··· Source material ···

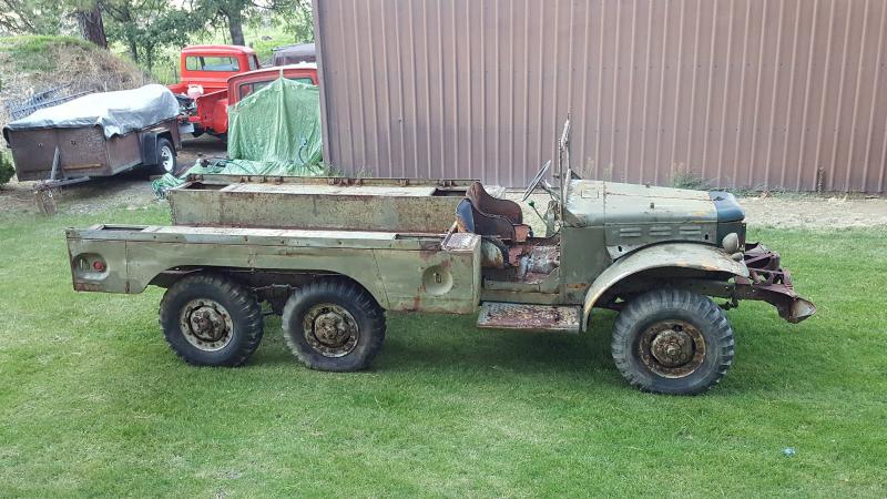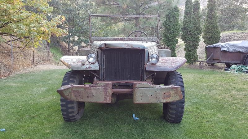 1942 Dodge WC-62, 6x6 combat rims w/good tires, orig. bucket seats & windshield frame……We have not tried to start it yet. Orig. set up for winch…but, missing. I was told it runs well. Includes the grill & radiator. $8950
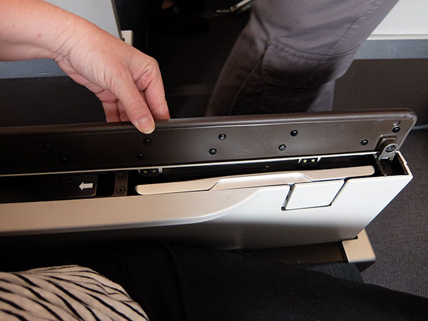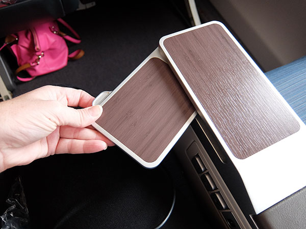 Smaller drinks table on Cathay Pacific premium economy
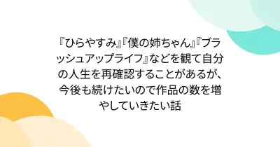 『ひらやすみ』『僕の姉ちゃん』『ブラッシュアップライフ』などを観て自分の人生を再確認することがあるが、今後も続けたいので作品の数を増やしていきたい話
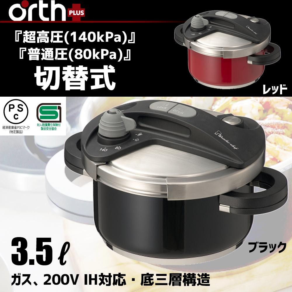 | 仕様 | 作動圧:超高圧/140kPa、普通圧/80kPa 調理温度:超高圧/約126度、普通圧/約117度 対応熱源:ガス火、IH(電磁調理器)200V 水の容量:最高水位線/約2.3L、豆類線/約1.1L 白米最大炊量:約4合 大豆最大煮量:約350g 食洗機:使用不可 底三層構造 |

···

Exercise directions. Output each line of the listing above, word for word, from the one holding "Smaller drinks table" through the last line, both included; omit the pictures.

Response.
 Smaller drinks table on Cathay Pacific premium economy
 『ひらやすみ』『僕の姉ちゃん』『ブラッシュアップライフ』などを観て自分の人生を再確認することがあるが、今後も続けたいので作品の数を増やしていきたい話
 | 仕様 | 作動圧:超高圧/140kPa、普通圧/80kPa 調理温度:超高圧/約126度、普通圧/約117度 対応熱源:ガス火、IH(電磁調理器)200V 水の容量:最高水位線/約2.3L、豆類線/約1.1L 白米最大炊量:約4合 大豆最大煮量:約350g 食洗機:使用不可 底三層構造 |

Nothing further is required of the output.